EXERCISE PROMPT:
Please take the records that follow and repeat exactly the lines starting with the line with "Rendering of Catherine Slip Esplanade" and going on through the line with "THE BEACH IS".

==*==

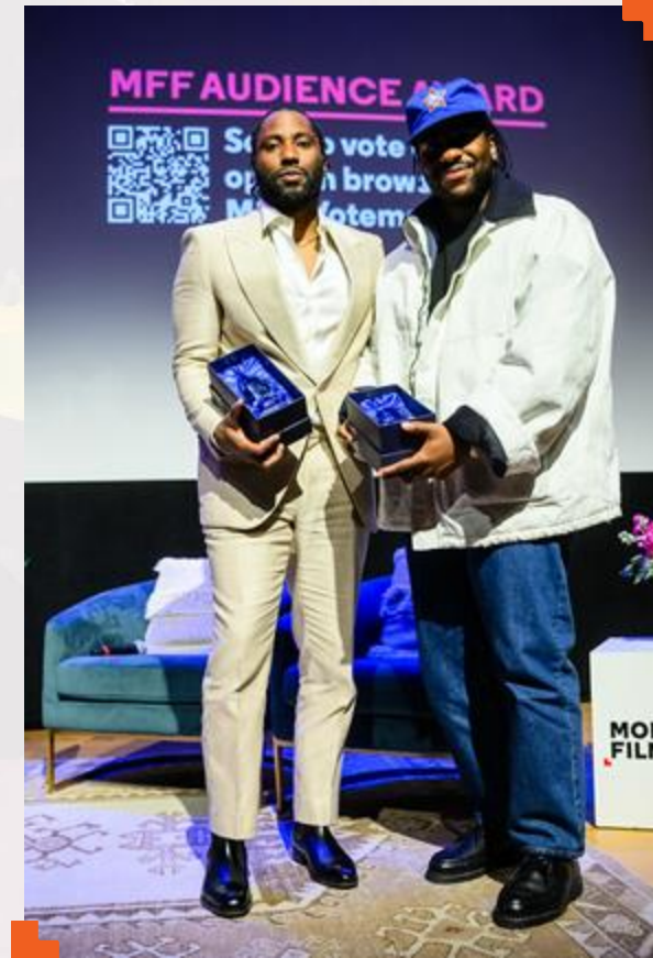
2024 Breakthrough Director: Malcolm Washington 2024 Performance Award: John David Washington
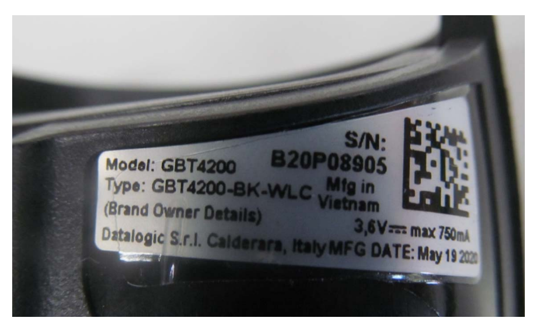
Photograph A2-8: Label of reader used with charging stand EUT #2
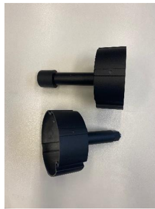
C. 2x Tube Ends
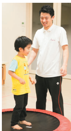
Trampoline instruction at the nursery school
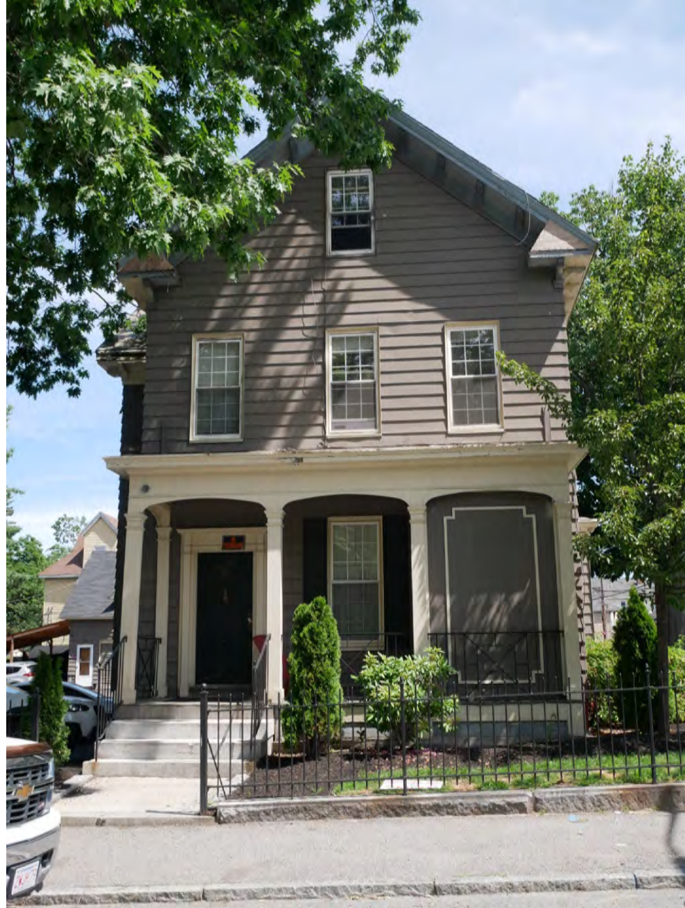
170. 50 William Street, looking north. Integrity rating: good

==*==

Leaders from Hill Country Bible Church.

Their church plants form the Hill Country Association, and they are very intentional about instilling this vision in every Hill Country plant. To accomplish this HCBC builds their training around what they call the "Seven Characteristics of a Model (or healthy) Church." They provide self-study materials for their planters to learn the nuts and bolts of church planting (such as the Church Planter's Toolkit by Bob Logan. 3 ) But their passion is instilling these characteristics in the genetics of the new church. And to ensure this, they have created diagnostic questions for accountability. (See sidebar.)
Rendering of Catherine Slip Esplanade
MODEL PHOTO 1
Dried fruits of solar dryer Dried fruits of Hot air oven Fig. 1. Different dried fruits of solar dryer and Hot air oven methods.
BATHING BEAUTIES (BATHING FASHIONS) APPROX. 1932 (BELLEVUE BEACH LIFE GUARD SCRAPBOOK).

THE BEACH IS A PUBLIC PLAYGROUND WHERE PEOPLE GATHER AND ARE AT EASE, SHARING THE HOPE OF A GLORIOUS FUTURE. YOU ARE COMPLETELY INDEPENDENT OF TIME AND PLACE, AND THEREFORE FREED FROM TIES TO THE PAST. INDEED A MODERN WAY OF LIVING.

==*==

RESPONSE TO THE TASK:
Rendering of Catherine Slip Esplanade
MODEL PHOTO 1
Dried fruits of solar dryer Dried fruits of Hot air oven Fig. 1. Different dried fruits of solar dryer and Hot air oven methods.
BATHING BEAUTIES (BATHING FASHIONS) APPROX. 1932 (BELLEVUE BEACH LIFE GUARD SCRAPBOOK).

THE BEACH IS A PUBLIC PLAYGROUND WHERE PEOPLE GATHER AND ARE AT EASE, SHARING THE HOPE OF A GLORIOUS FUTURE. YOU ARE COMPLETELY INDEPENDENT OF TIME AND PLACE, AND THEREFORE FREED FROM TIES TO THE PAST. INDEED A MODERN WAY OF LIVING.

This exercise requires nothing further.